◆ ASSIGNMENT:
Exactly as written, write out the lines below from the first to the one containing "Для обробки вхідного", inclusive. Pictures do not belong in the copy.
----- PROVIDED DATA -----
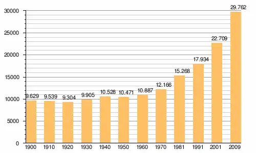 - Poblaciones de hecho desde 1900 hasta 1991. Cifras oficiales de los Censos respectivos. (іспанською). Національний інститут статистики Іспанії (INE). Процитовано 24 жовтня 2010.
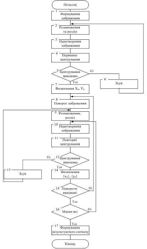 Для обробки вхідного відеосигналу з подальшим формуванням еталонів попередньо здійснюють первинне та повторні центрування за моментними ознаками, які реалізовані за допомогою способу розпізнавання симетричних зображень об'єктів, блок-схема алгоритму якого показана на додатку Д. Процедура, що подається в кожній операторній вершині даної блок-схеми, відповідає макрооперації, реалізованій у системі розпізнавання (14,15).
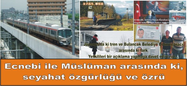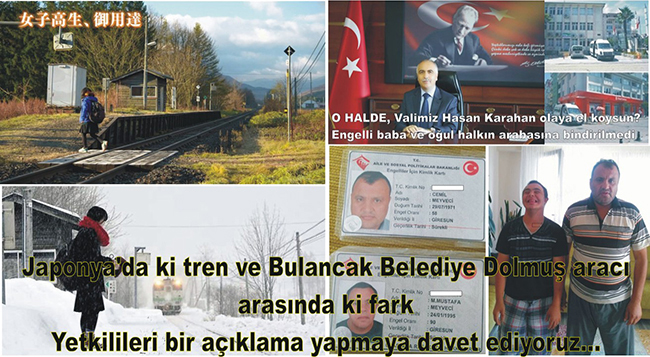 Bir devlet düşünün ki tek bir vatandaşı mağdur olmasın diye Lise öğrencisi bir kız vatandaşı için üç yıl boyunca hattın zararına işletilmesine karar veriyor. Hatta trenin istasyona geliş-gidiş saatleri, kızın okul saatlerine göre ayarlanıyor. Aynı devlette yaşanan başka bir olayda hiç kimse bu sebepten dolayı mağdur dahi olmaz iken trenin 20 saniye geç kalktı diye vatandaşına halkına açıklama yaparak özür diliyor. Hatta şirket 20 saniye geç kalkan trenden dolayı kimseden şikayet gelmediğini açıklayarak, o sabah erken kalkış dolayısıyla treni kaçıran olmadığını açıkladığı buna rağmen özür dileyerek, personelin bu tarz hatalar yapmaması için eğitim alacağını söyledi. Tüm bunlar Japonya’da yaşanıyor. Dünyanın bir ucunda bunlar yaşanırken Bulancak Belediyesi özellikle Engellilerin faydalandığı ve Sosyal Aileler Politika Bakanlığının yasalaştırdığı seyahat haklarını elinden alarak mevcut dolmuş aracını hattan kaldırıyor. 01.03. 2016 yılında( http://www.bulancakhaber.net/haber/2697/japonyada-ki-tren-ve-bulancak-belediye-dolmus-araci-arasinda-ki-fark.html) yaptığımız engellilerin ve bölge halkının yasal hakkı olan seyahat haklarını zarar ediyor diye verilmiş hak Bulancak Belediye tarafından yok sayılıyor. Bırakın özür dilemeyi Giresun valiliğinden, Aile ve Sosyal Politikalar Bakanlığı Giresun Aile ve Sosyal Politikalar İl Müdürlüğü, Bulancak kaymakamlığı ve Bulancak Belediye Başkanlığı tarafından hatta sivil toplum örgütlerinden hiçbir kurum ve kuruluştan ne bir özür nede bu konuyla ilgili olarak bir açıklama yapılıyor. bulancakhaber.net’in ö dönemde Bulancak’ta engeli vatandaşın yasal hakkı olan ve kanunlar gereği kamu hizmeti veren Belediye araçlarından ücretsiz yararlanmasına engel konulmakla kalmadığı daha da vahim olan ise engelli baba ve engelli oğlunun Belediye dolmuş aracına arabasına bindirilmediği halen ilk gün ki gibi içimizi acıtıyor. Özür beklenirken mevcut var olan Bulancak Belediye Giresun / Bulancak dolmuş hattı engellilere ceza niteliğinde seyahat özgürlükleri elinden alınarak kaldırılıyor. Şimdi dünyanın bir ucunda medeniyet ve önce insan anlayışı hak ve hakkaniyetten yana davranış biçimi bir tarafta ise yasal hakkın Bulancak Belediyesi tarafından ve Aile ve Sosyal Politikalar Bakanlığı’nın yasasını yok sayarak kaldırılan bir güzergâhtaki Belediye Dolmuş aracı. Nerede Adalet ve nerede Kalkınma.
-----
◆ YOUR RESPONSE:
 - Poblaciones de hecho desde 1900 hasta 1991. Cifras oficiales de los Censos respectivos. (іспанською). Національний інститут статистики Іспанії (INE). Процитовано 24 жовтня 2010.
 Для обробки вхідного відеосигналу з подальшим формуванням еталонів попередньо здійснюють первинне та повторні центрування за моментними ознаками, які реалізовані за допомогою способу розпізнавання симетричних зображень об'єктів, блок-схема алгоритму якого показана на додатку Д. Процедура, що подається в кожній операторній вершині даної блок-схеми, відповідає макрооперації, реалізованій у системі розпізнавання (14,15).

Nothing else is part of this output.